5. Clark Kent Finally Gets a Bar Mitzvah Party
A super boy became a man at our summer celebration of this important milestone in Clark Kent’s life. The festivities included a visit by Superman who danced the hora with guests, enjoyed sampling a hero-sized cake, and because no Bar Mitzvah celebration would be complete without this tradition, participated in a candle lighting ceremony honoring the special people in his life.
4. “You Gave Me Back My Grandmother”
Beloved Baltimore doyenne and caterer extraordinaire, Bessie Bluefeld was brought to life as the newest member of our Leo V. Berger Immigrant’s Trunk roster. Thanks to the combined talents of script writer Jonathon Scott Fuqua, director and producer Harriet Lynn, and actor Terry Nicholetti, we were able to create a performance that explored many of the dramatic moments in Bessie’s life from her arrival in Baltimore as a new bride fresh off the boat from Russia, to her determination to save the family from financial ruin after a bad business deal. At the performance premiere we were delighted to welcome members of the Bluefeld family and received perhaps the highest form of praise from one of her grandsons who thanked us for introducing us to the grandmother he never knew.
3. City Springs Students Get to Know Us
JMM educational programs have a long history of providing high quality enrichment services for students of all backgrounds and from all over the state. So it seemed only natural to reach out to the school that is quite literally in our own backyard, City Springs Elementary and Middle School.

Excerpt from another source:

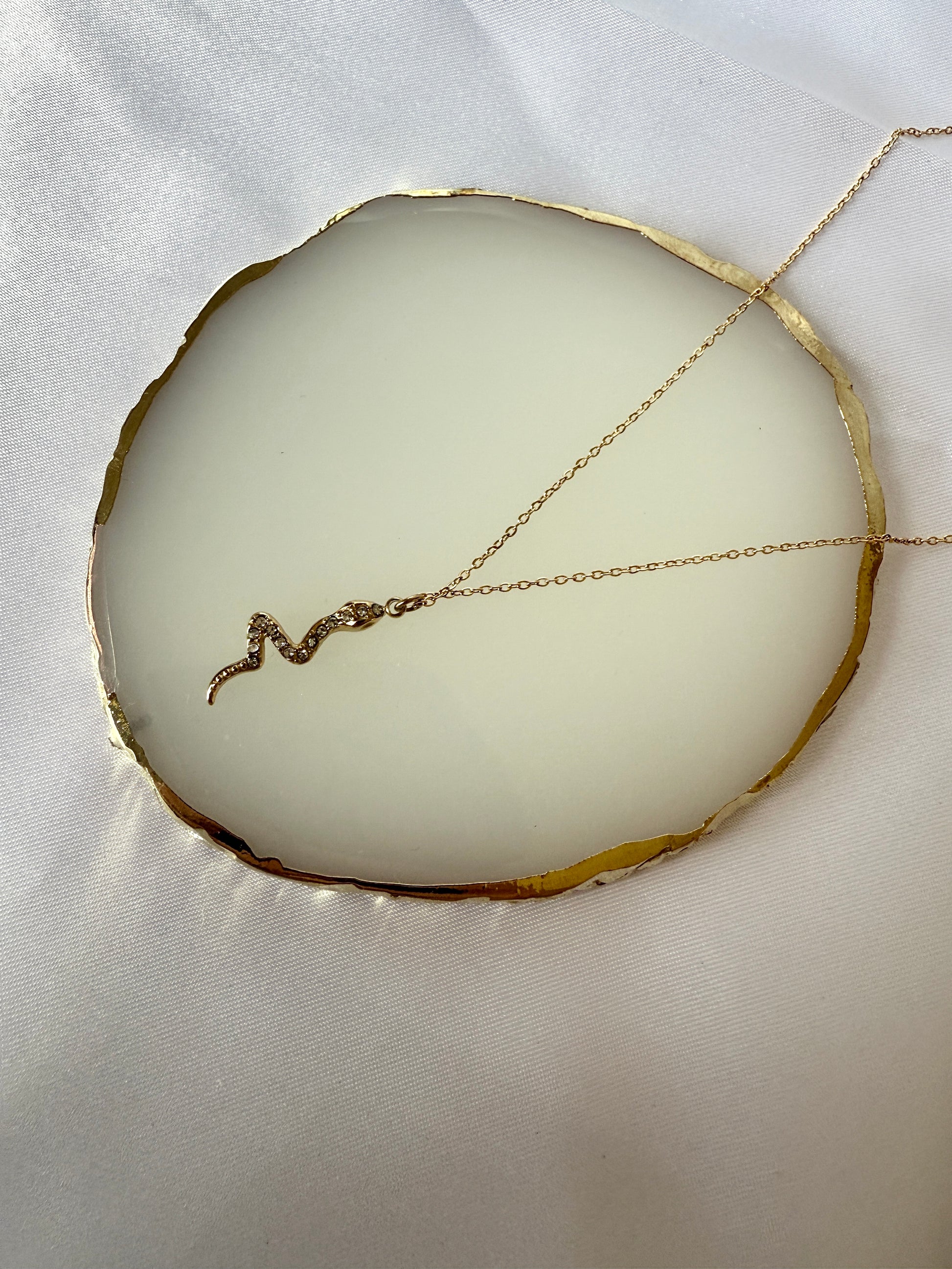 Collier en acier inoxydable de couleur doré, orné d’un pendentif serpent finement travaillé et rehaussé de strass scintillants. Symbole de puissance et de renouveau.

After many conversations and meetings with school administrators and teachers, we created a series of tours and programs designed to accommodate each grade and were thrilled to welcome every student from the school this fall. Our goal is to develop a partnership with both students and teachers so that they view the JMM as their museum, a place to return to with family and friends.

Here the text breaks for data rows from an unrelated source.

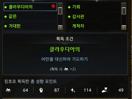 | 획득성향 | 호칭: 지성+2(클라우디아의), 호감도: 친철 +10, 지성+10 |
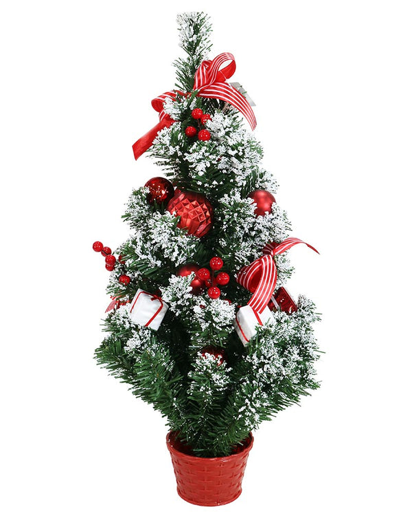 Snowy Red and White Potted Christmas Tree 60cm
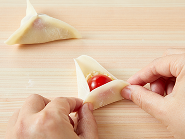 〈三方餃子〉 皮の中央にあんをのせて、上からモッツァレラチーズ(半量)・トマトをギュッと押し込み、皮のふち2箇所を中心に向かってつまみ、残り1箇所からも同様につまむ。

2. JMM Walk-In Visits Run Way Ahead
We will end 2013 with at least a 1/3 increase in overall visitors, but the gain in “walk-in” visitors is truly impressive. A “walk-in” visit is our technical designation for what many of us would call a “family visit”. It consists of one or more individuals who come to the museum just to see the museum – not part of a group, or a school or a special tour or program. In the first eight months of the year, “walk-in” visits at JMM were up 140% over the prior year. We attribute this rather dramatic change to: a) expanded hours, b) improved marketing (including some of our first radio and tv ads), and c) compelling exhibits and programs. With four special projects in 2014 – Civil War, Mah Jongg, Electrified Pickle (Tech Fair)and the A-Mazing Mendes Cohen (Maze Exhibit) – we intend to keep up the momentum
1. It’s Official: We’re Accredited AGAIN
We’ve held off making the formal announcement until this newsletter… but we are overjoyed to share the news that the American Alliance of Museums has (re)accredited the Jewish Museum of Maryland for another ten years. There are just three museums in Baltimore to be awarded accreditation by the Alliance (The Baltimore Museum of Art, the Walters Museum and us). In making the award the Accreditation Commission stated in part “…the museum continues to meet National Standards and Best Practices for U.S. Museums and remains a member of the community of institutions that have chosen to hold themselves publicly accountable to excellence. Through a rigorous process of self-assessment and review by its peers, the museum has shown itself to be a good steward of the resources held in public trust and committed to a philosophy of continual institutional growth.”